You'll be satisfied immediately with a duet of plump griddled crab cakes, or a crisp, sweet soft-shell crab. A soup of escarole and white beans, floating a few tiny meatballs, is very good; a creamy asparagus soup, finished with toasted pistachios and brioche croutons the size of ice cubes, even better.
There are some less-successful dishes: so-so shrimp dumplings, too-sweet "dragon fried" calamari, over-orchestrated spinach salad, enriched but still tired rigatoni with sausage and broccoli rabe, a pretty mild filet mignon au poivre.
Still, everything gets going again with the refreshing, marinated and charred Indonesian steak and sweet-sour rocket salad; and the pork chop Latino-style, with chipotle-whipped potatoes, sofrito, and roasted tomatillo sauce.

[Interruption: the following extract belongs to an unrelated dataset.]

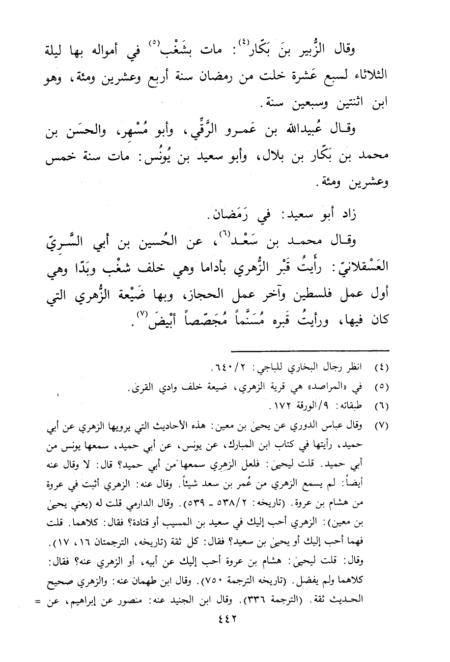 (7) وَقَال عَباس الدُّورِيُّ عَن يحيى بن مَعِين: هذه الاحاديث التي يرويها الزُّهْرِيّ عَن أبي حميد، رأيتها في كتاب ابْن المبارك، عن يونس، عَن أبي حميد سمعها يونس من أبي حميد. قلت ليحيى: فلعل الزُّهْرِيّ سمعها من أبي حميد؟ قال: لا وَقَال عنه ايضا: لم يسمع الزُّهْرِيّ من عُمَر بن سعد شيئا. وَقَال عَنه: الزُّهْرِيّ أثبت في عروة من هشام بن عروة. (تاريخه: 2 / 538 - 539) .
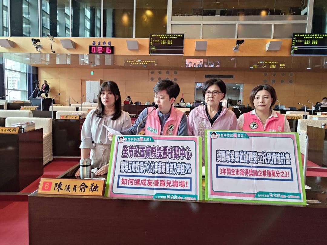 陳俞融指出,根據市府統計,台中市全市應設置托兒設施或措施之事業單位共計925間,但實際設置「托嬰中心、幼兒園或職場互助教保中心」的事業單位僅26家,普及率僅有低迷的3% 。此外,勞工局辦理的「獎勵事業單位辦理勞工托兒措施計畫」,112年至114年共3年期間,僅提供48家企業獎勵,總金額126萬7,000元。陳俞融批評,但台中市公司登記家數高達12萬4,857家 ,現行的獎勵家數與金額簡直是杯水車薪,根本無法形成誘因鼓勵廣大企業投入。

And the house's generous sirloin cheeseburger and fries has more than elemental appeal.
Delicate, pan-roasted halibut with asparagus and a crown of frizzled leeks and the aromatic cod-and-shellfish variation on pot-au-feu, sporting fennel, sausage and tomatoes in saffron-shaded broth, are handily recommended.
The fine desserts definitely have presence. Try the elegant dark chocolate marquise, caramel upside-down cheesecake, honey-roasted pear crisp, chocolate-hazelnut tiramisu, or coconut crème brulee.
Maxxels nears three stars, for the ambition and the professionalism, the food and the fun. It would stand out anywhere.
-Reviewed by Peter M. Gianotti, 4/29/07
Maxxels is at 526 Jericho turnpike in Mineola.